My husband Tom whimsically replied, “That’s where they sleep,” knowing I love to entertain myself with ridiculously improbable, cute images. I picture myself turning down the sheets to go to bed, and finding a long row of curly-tailed lizards, heads on two gigantic pillows, sleeping away. Their tails curl up and down as they dream of their normal lizard days.
Tom and I had just gotten to our hotel in the Bahamas, ready for three days of relaxing, beach time, and plenty of reptiles. As part of the preparation for this trip, I had invested in a digital camera, knowing I would see thousands of reptile species and take thousands of National Geographic-worthy photos as we would trudge through lush tropical jungles dripping sweat.
Well, it never happens as I dream it.
I knew that where we would be staying on Grand Bahama Island was a bit of a tourist trap (now a gross understatement). The two towns of Lucaya and Freeport hadn’t even really existed before the 1960s, when a Virginian named Wallace Groves came and developed it with casinos and ritzy hotels.
Our hotel had been built much before the glitzy hotels, but it had a fresh, cheery coat of paint. It was what I had hoped our hotel would look like. Also, to make me over-the-top excited, it was inhabited by the quirkiest, cutest wild lizards I had ever seen. Curly-tailed lizards peeked out from every corner in the place. By the end of our trip, I had memorized the location of each lizard’s “home”, and every time we would come back from an activity, I would make the rounds, checking to see if each one was out sunning in its own particular spot, spread out across the cement, doing what lizards do best.
The folks at the hotel began to know me through my absurd crouching, peeking, meandering, and incessant picture-taking. The final morning we were in the Bahamas, it rained. It was very overcast, but I tried to hold on to the idea that they might still come out, and that I could take, oh, just thirty or so more pictures of these crazy and wonderfully silly creatures.

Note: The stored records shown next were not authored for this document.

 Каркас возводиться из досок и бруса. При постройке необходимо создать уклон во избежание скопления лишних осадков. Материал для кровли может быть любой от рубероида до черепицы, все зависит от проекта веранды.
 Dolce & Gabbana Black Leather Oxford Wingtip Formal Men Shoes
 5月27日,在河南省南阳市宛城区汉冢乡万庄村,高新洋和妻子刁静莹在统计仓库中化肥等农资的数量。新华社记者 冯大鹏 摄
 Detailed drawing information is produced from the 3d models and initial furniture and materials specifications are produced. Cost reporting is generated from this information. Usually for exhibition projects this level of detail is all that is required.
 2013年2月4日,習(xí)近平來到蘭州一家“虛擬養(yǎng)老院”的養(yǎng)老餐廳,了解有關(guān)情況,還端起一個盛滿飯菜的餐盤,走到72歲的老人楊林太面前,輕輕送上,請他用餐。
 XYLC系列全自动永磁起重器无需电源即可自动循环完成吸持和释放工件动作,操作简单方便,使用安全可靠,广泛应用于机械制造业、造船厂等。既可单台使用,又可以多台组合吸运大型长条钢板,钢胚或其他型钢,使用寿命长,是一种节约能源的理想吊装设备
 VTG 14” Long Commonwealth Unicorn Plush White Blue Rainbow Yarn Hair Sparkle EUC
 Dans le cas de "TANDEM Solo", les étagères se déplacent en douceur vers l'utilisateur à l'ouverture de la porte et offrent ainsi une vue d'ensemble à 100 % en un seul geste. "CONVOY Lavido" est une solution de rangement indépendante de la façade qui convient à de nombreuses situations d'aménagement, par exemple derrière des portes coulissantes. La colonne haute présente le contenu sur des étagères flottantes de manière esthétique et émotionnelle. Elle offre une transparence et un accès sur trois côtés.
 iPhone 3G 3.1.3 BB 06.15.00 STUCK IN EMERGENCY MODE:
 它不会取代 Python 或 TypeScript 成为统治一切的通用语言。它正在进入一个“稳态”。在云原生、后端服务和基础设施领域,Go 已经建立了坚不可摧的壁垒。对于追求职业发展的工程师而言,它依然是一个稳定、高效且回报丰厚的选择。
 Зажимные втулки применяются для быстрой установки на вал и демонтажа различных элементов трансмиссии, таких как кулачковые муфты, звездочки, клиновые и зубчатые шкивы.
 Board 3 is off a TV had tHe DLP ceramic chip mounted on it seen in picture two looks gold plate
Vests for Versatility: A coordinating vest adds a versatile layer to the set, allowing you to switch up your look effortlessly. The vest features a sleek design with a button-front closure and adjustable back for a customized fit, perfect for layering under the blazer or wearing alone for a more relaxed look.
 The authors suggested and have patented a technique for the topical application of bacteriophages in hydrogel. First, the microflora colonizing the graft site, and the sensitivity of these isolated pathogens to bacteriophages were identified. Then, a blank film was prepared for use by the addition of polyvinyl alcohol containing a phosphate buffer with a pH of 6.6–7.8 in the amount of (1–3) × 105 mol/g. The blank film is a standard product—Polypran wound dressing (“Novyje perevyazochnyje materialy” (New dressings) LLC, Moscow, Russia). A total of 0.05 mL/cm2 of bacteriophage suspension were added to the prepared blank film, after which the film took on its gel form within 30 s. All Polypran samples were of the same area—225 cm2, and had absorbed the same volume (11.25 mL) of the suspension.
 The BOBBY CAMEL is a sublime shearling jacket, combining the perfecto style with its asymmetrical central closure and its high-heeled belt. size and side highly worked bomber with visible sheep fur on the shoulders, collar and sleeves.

“You won’t find any this morning,” a cab driver waiting at the hotel’s front entrance said. “It’s too cloudy.” At first I was surprised that he knew what I was looking for, but upon taking a step back out of myself, I realized that for the past three days I had been acting quite obsessively, repeatedly circling the courtyard, checking sewer grates, steps, plants, the grandstand. Once I spotted one, I would squat and slowly duck-walk over as close as I could get, hoping that the little guy wouldn’t freak and scoot away. I was the epitome of stealth. (Don’t look right at them, they’ll know… be sneaky!)
The curly-tails seemed so playful, active, and talkative (in lizard ways, of course.) They would do a series of tiny bobs at each other from across the walkways, then eat the ants that marched along the cracks in the pavement. OK, so it doesn’t sound that different from other lizards, but their tails! Their tails expressed so much! While basking, the lizards’ tails would seem normal, stretched out with the rest of their bodies, but when alert and ready to run, their tails would quickly curl up like a spring, forming a Fibonacci-esque spiral– the perfect curlicue.
“How can these even exist?” I squealed. (I say this when I see every reptile.) They seemed so incredibly foreign.
The curly-tailed lizards really found a place in my heart in the short time we were there. There were few other reptiles that I saw during our stay, and none seemed to have the charismatic charm of the curly-tails.
Now that I think of it, I must have seen the curly-tails in pet stores here and there. They just didn’t have the same joie de vivre, which is probably why they didn’t strike me in the same way the wild ones did. But just maybe, perhaps, when the lights go out and the store closes for the night, they tug out a pillow hidden behind their Repti Rapids waterfall, and collectively dream of wilder days back on that touristy island of Grand Bahama, their tails curling up and down as they sleep.